TASK OBJECTIVE: Print nothing beyond the line with "観光バスに乗り,まずは北部ク": every line from the beginning of the data up to it, that line included, and no pictures.

RECORDED INFORMATION:
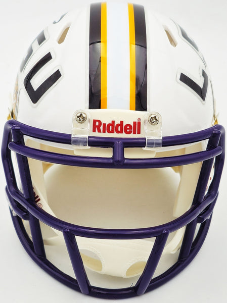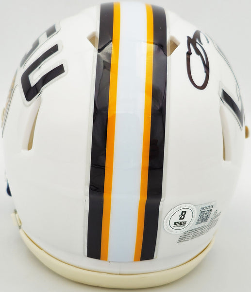 This is a LSU Tigers White Speed Mini Helmet that has been hand signed by Odell Beckham Jr. This item has been witnessed and certified authentic by Beckett Authentication (BAS) and comes with their tamper-proof witness hologram.
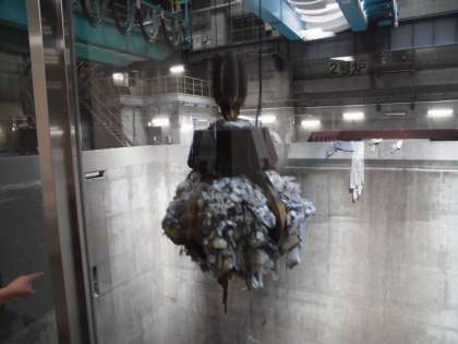 観光バスに乗り,まずは北部クリーンセンターに行きました。近づくにつれて見えてきた建物は,本当に立派で驚きました。見学用にいろいろと工夫されていて,小学生が興味深く学習できるように3Dなどの映像も使われていました。音やにおいがしない工夫がされ,清潔な施設に驚きました。
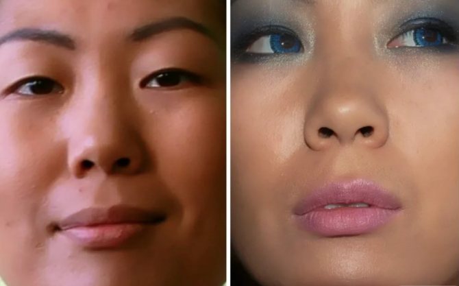 У женщин, имеющих азиатский тип внешности, разрез глаз сильно отличается от европейского типа, именно поэтому нужен особый подход в нанесении макияжа. С помощью декоративной косметики можно визуально раскрыть и расширить глаза. При этом ресницы необходимо удлинить, используя тушь, либо же нарастить искусственные.

SOLUTION TO THE PROBLEM:
 This is a LSU Tigers White Speed Mini Helmet that has been hand signed by Odell Beckham Jr. This item has been witnessed and certified authentic by Beckett Authentication (BAS) and comes with their tamper-proof witness hologram.
 観光バスに乗り,まずは北部クリーンセンターに行きました。近づくにつれて見えてきた建物は,本当に立派で驚きました。見学用にいろいろと工夫されていて,小学生が興味深く学習できるように3Dなどの映像も使われていました。音やにおいがしない工夫がされ,清潔な施設に驚きました。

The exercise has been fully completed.